Some of the reasons I had a hard time getting through Fire were the same reasons it took me awhile read Graceling, the primary problem being that it was too repetitive. (Fire was tired of being attacked? Yeah, well, I got sick of hearing about her musings on the subject.) Other things just seems silly to me—that her presence provoked monster attacks—the monster form of raptors especially go after her. Or the constant references to her ‘monthly bleedings,’ how she had to lock herself indoors during that time or risk being shredded by monster creatures, who were especially sensitive to her at that time. I guess Cashore was trying to elevate this woman’s issue to a philosophical discussion (what should she tell Brigan’s little daughter about it? Would it hurt her psyche?) I believe this sort of thing will drive male readers away. And the inclusion of a single character from Graceling seemed artificial.

Nevertheless.

When all is said and done, you’re going to like this book because Fire is the same kind of kick-butt, never-back-down, take-no-prisoners heroine that Graceling’s Katsa was. She, too, is unconventional, refuses to get married, and carefully guards her mind and her independence. You’ll like the romance. In addition, Fire makes some important points about the relationship between parents and children. Fire has to understand that she is not responsible for her father’s evil and that she is not destined to repeat it. And there are some great quotable lines. I liked this from the end:

“Some people had too much power and too much cruelty to live.
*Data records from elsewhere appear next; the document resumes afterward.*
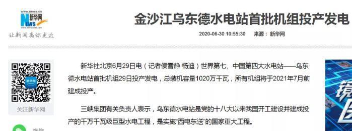 新華社北京6月29日電(記者侯雪靜 楊迪)世界第七、中國第四大水電站——烏東德水電站首批機組29日投產發電,總裝機容量1020萬千瓦,所有機組將于2021年7月前建成投產。
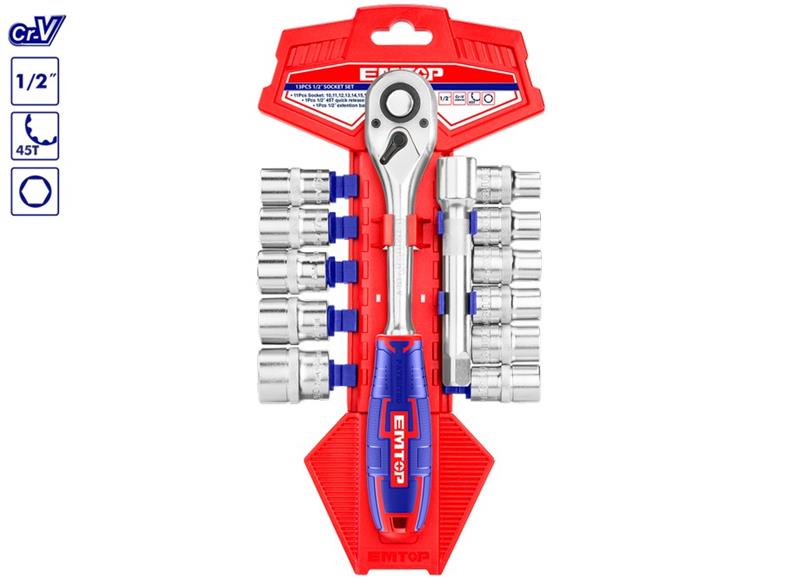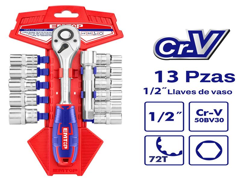 Conjunto De 13 Peças EMTOP 1/2" Cr-V
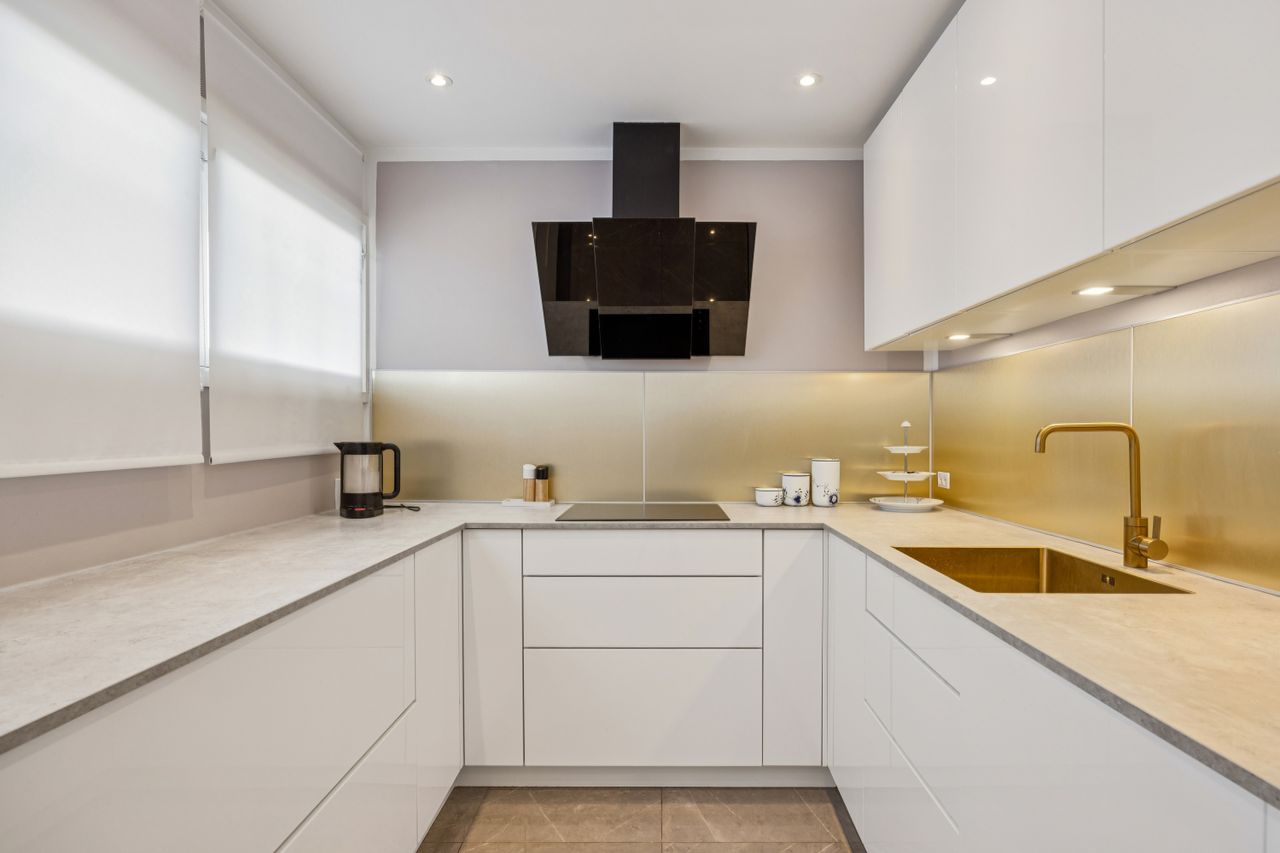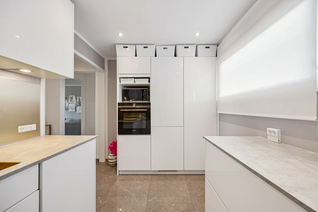 Køkkenet fremstår stilrent og indbydende med god skabsplads og en naturlig sammenhæng til opholdsrummet, hvor der er plads til både spisebord og sofaarrangement. Badeværelset er udført med separat bruseniche og toilet – en sjælden luksus i denne type lejligheder.

Some people were too terrible, no matter if you loved them; no matter that you had to make yourself terrible too, in order to stop them. Some things just had to be done.”

Note: I tagged this as ‘mature’ because of the casual sexual relationships that many of the characters have. There aren’t any explicit sexual descriptions, but I think some parents would have an issue with the book. A war is going on, so there’s violence, too, but it’s not graphic.

Going Bovine by Libba Bray  

I’m thinking this may be my ‘best YA read’ of 2011 although I know it’s still early in the year.

But wow.

Cameron, sixteen, lazy, and a not-so-great student is the loser brother of a popular girl, Jenna. He hates school, hangs around with a couple of stoners, periodically indulges with them, and seems to live to irritate his parents—a father who is an university professor and seems to be having an affair with one of his grad students and a mother who is an English prof, unable to make the slightest decision—even what to order in a restaurant.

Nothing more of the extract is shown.